Unfortunately, while the exhaustion was real, the nightmare was too. She was stuck inside a sleeping bag in the middle of freezing nowhere with a badly injured shifter who, when he wasn’t kissing her crazy, pretty much hated her and everything she stood for. If that wasn’t a nightmare, she clearly didn’t know what the word meant.
She’d pulled the zipper nearly closed earlier to conserve heat, and now she fumbled blindly for the double pull, thinking her plan had worked a little too well. If she didn’t get some fresh air soon, she was going to start screaming, probably not the best wake-up call for her current bedmate. Her fingers found the sturdy tab just in time and she yanked it down, taking a deep breath of the cold air that rushed in. She rolled out of the bag in a hurry and re-zipped it halfway, tucking it around the injured shifter, but leaving his face uncovered. If she’d been stifling, he probably was too.
Although not quite warm in their hideaway beneath the tree trunks, it wasn’t really cold either.
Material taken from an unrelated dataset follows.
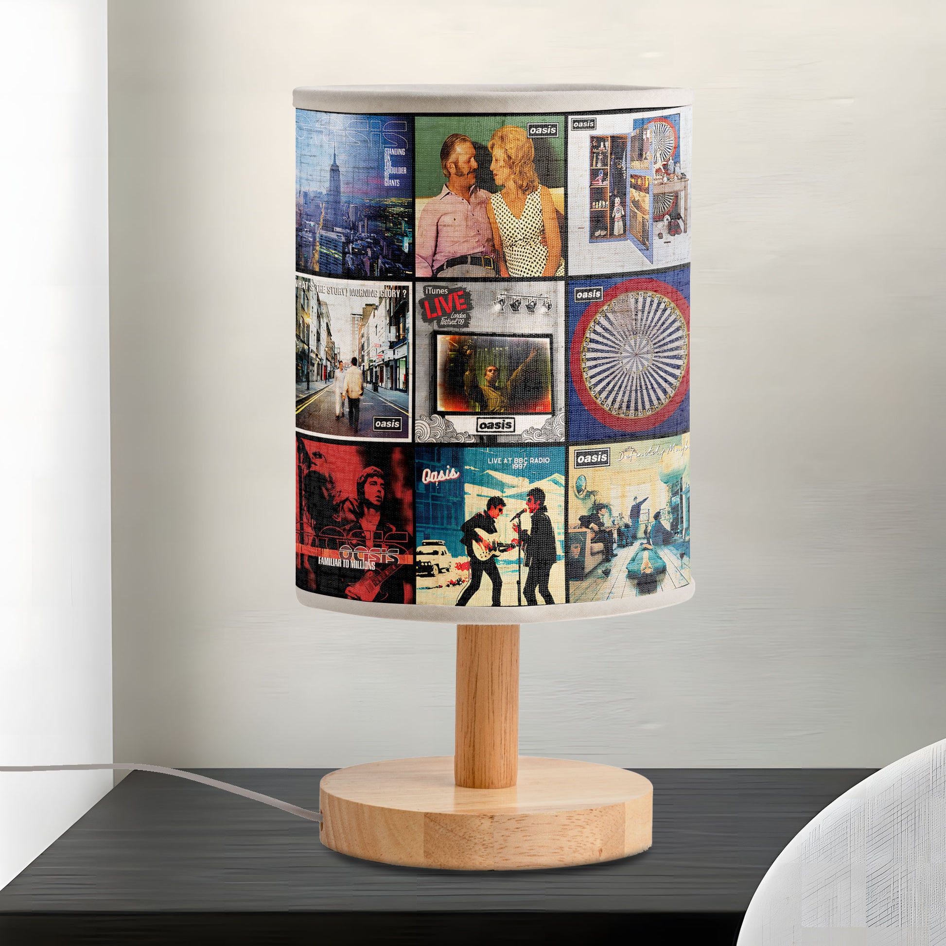 Crafted with a wooden base and a vibrant printed shade, it’s more than just a lamp—it’s a tribute to one of the greatest bands of all time. Place it on your desk, nightstand, or living room to let the Oasis vibe shine every night.

The scruffy thicket had been mostly bare when she’d pushed inside before, but it was now almost completely encased in a layer of snow and ice. Perhaps the wind had shifted or some critical mass had been met on the hillside above. Whatever it was, the compressed snow made a very effective insulator against the freezing temperatures. A little bit of light filtered through, enough to let her know it was still daylight, and the muffled quality of sound made her think the heavy snow continued outside. But they were warm and dry, and fairly well hidden in here. What Rhodry needed most, what they both needed most, was a place to hunker down and rest for a day or more. And while the storm trapped them in place, it also prevented anyone from coming to look for them. In most cases, that would be a bad thing, but when the people looking for you were your enemies, the very ones responsible for your predicament, that changed the calculus somewhat.